Diffusion's markets did not show any signs of growth during the year and selling price pressure remained a market feature. The Company produced this profit improvement through increased sales, by maintaining Diffusion's premium branding market position and pursuing quality jobs likely to return target selling margins, combined with focused business development activities.
Group trading performance
Sales in the year ended 31 March 2013 increased by 6 per cent to £7.55 million (2012: £7.09 million). Increased sales were achieved for both fan coils and commercial heating products. Fan coils had a particularly strong year and were installed into a number of large London based developments, including the Shard Building, the Cheesegrater and 375 Kensington High Street.
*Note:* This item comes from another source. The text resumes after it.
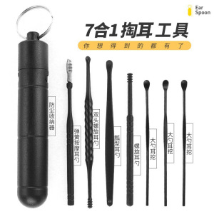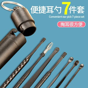 新しいオールブラックイヤースクープセットスプリング双頭回転イヤースクープ7ピース耳クリーナー耳かきツール

The sales and marketing function was strengthened during the year producing extra sales to more than counteract the market led marginal softening of selling margins. The increased sales and relatively fixed cost base resulted in Diffusion's operating profit increasing by 19 per cent to £406,000. This operating profit margin of 5.4 per cent represented a high return on Diffusion's capital employed of 29 per cent.
Central and plc costs were £164,000 (2012: £130,000) and interest costs amounted to £42,000 (2012: £40,000). Central and plc costs include a non-cash share option charge and other non-recurring costs. Included under interest costs are notional interest charges of £16,000 (2012: £14,000) relating to the unwinding of the provision set up at 31 March 2010.
The resulting Group profit before tax on Continuing Operations increased by 16 per cent to £200,000 (2012: £173,000). The taxation charge of £39,000 (2012: 25,000) represents a non-cash write off of the deferred tax asset.
About Diffusion
With over 50 years in the heating and ventilation industry ("HVAC"), the Company's operating subsidiary Diffusion is one of the oldest and most established manufacturers of HVAC products in the UK. Diffusion is a market leader in the manufacture of premium quality fan coils and commercial heating products. Diffusion and Energy Technique are brand names recognised as highly engineered, quality products providing leading edge performance and energy efficiency.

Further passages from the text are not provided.